Mouvement pour une Organisation Mondiale de l'Agriculture
momagri est un think tank présidé par Pierre Pagesse,  qui rassemble des responsables du monde agricole
et des personnalités d’horizons extérieurs (santé, développement, stratégie et défense,…).
Son objectif est de promouvoir une régulation des marchés agricoles en créant de nouveaux outils d’évaluation
(modèle économique, indicateurs,…) et en formulant des propositions pour une politique
agricole et alimentaire internationale.
Regards sur l'actualité

Londres garde le même cap libéral en ce qui concerne la PAC

 

07 Juin 2010



Comme on pouvait s’y attendre, l’arrivée du parti conservateur (Tories) de David Cameron au pouvoir au Royaume-Uni n’a pas modifié la position de Londres en ce qui concerne la PAC : quelques semaines seulement après les élections britanniques, le Conseil des ministres européens de l’Agriculture réuni le 1 juin à Mérida (Espagne) a été l’occasion pour le nouveau gouvernement libéral-conservateur d'indiquer à ses partenaires européens qu'il « reste fermement engagé en faveur d'une réforme radicale de la PAC ».

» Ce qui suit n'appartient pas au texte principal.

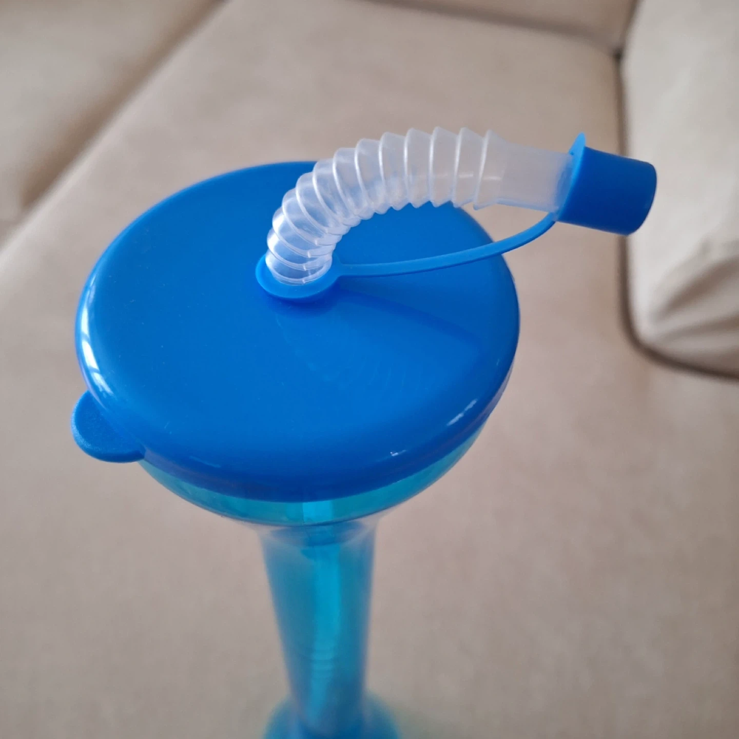 This blue novelty tumbler comes with a flexible straw and cap. It's made of plastic and is sealed in its original packaging. It's a fun way to enjoy your beverages!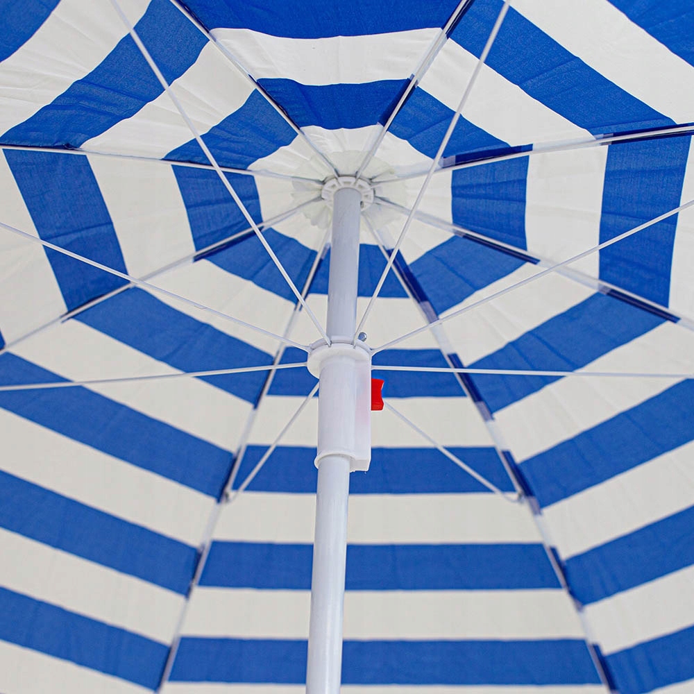 Зонт обеспечивает не только надежную защиту, но и удобство использования. Благодаря легкости раскладывания и складывания он чрезвычайно практичен и идеален для того, чтобы брать его с собой в путешествие. Одним из самых больших преимуществ продукта является функция наклона, которая позволяет регулировать угол наклона купола в соответствии с вашими индивидуальными предпочтениями. Зонт также регулируется по высоте в диапазоне 110-180 см.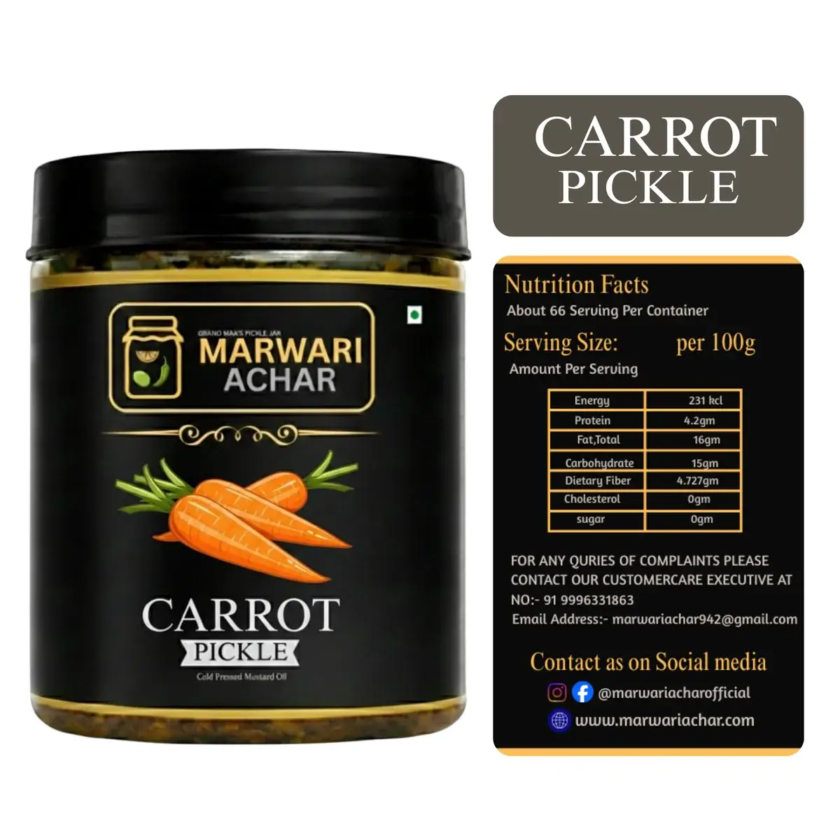 Looking to buy authentic Carrot Pickle online? Marwari Achar brings you a traditional gajar preparation made using fresh carrots, cold pressed mustard oil, and hand-blended Indian spices for real homemade taste.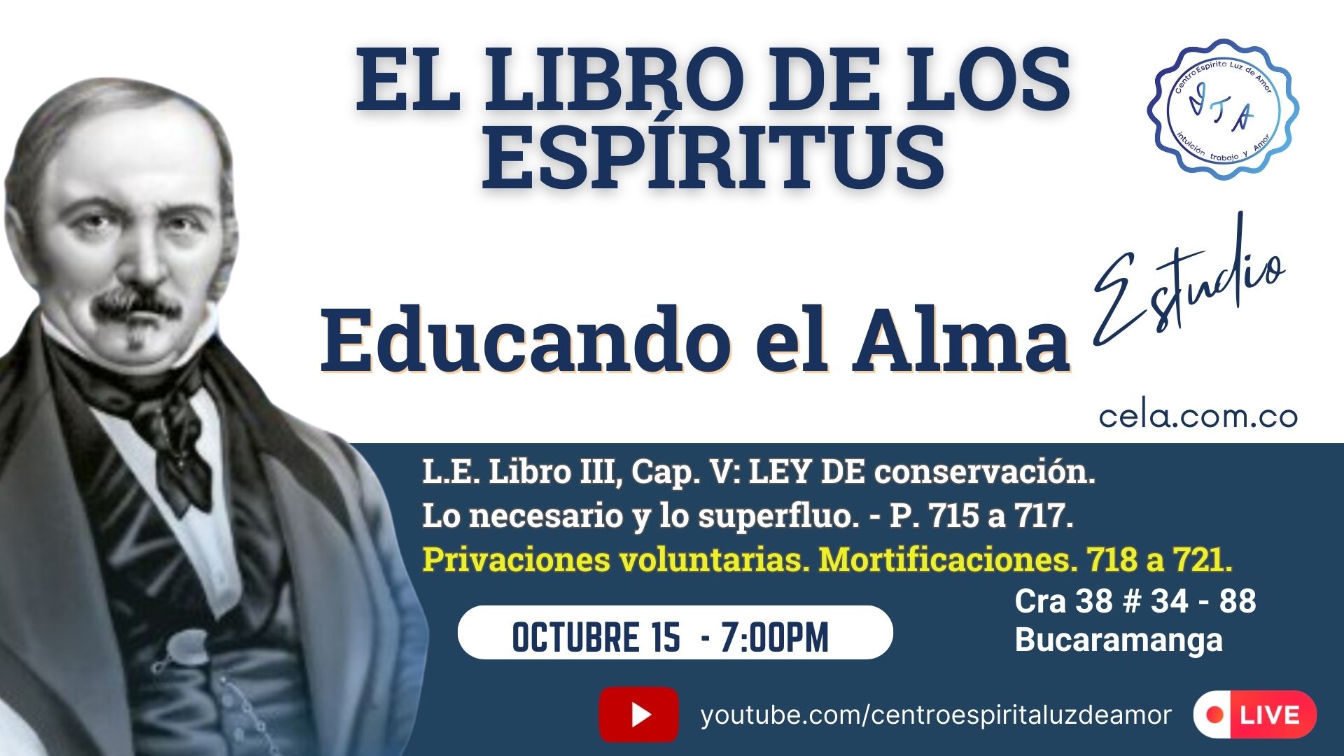 octubre 15 -7:00 PM L.E. Libro III, Cap. V: LEY DE conservación. Lo necesario y lo superfluo. – P. 715 a 717. Privaciones voluntarias. Mortificaciones. 718 a 721. Centro Espírita Luz de Amor Cra 38 # 34 -, Bucaramanga, Santander, Colombia Estudios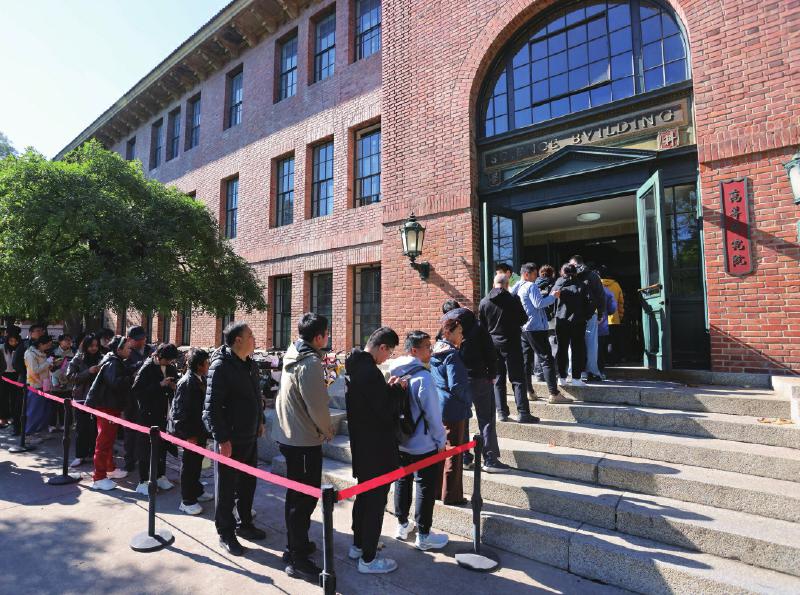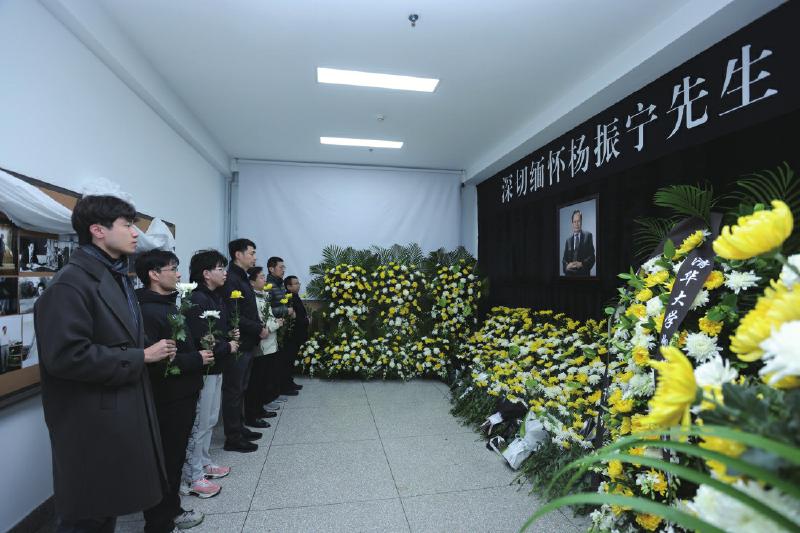 他们是来送别著名物理学家、清华大学教授杨振宁先生的。杨先生生前倾注心血打造的学术高地——清华大学高等研究院便位于此。杨先生于10月18日逝世后,学校在馆内119室设立缅怀室,接受校内师生及各界相关人士吊唁。

Selon la nouvelle ministre britannique de l'Agriculture, Caroline Spelman, la crise en Europe devrait l'aider à négocier « une nouvelle hiérarchisation des dépenses européennes » – entendre : réduire les dépenses européennes alloués à l’agriculture dans le cadre de la PAC. Car pour Londres, c’est toujours du même sujet dont il s’agit : moins de PAC, moins de régulation, moins de dépenses. D’après la ministre, les difficultés économiques actuelles sont en réalité « une vraie opportunité » pour « alléger le fardeau de la régulation ».

Londres apparaît plus isolé qu’autre chose sur ce domaine, ne pouvant compter que sur le soutien des pays nordiques comme la Suède ou Danemark. Cela étant, il est regrettable que le nouveau gouvernement libéral-conservateur réduise les problématiques agricoles à une problématique budgétaire alors que l’agriculture est un secteur stratégique. A force de vouloir faire des économies, le risque est grand de devoir supporter le coût, autrement plus important, d’une crise majeure : si les ministres des Finances avaient eu connaissance en 2005 du coût réel de la crise financière, il y a fort à parier qu’ils auraient depuis longtemps choisi de réguler ce secteur.

Sachons apprendre de nos erreurs, et ne pas attendre une deuxième crise, cette fois-ci agricole et alimentaire, pour que tous les pays acceptent de payer le coût, relativement faible (mois de 30 centimes d’euros par jour et par habitant de l’Union européenne) au regard des conséquences financières d’une crise, de la régulation.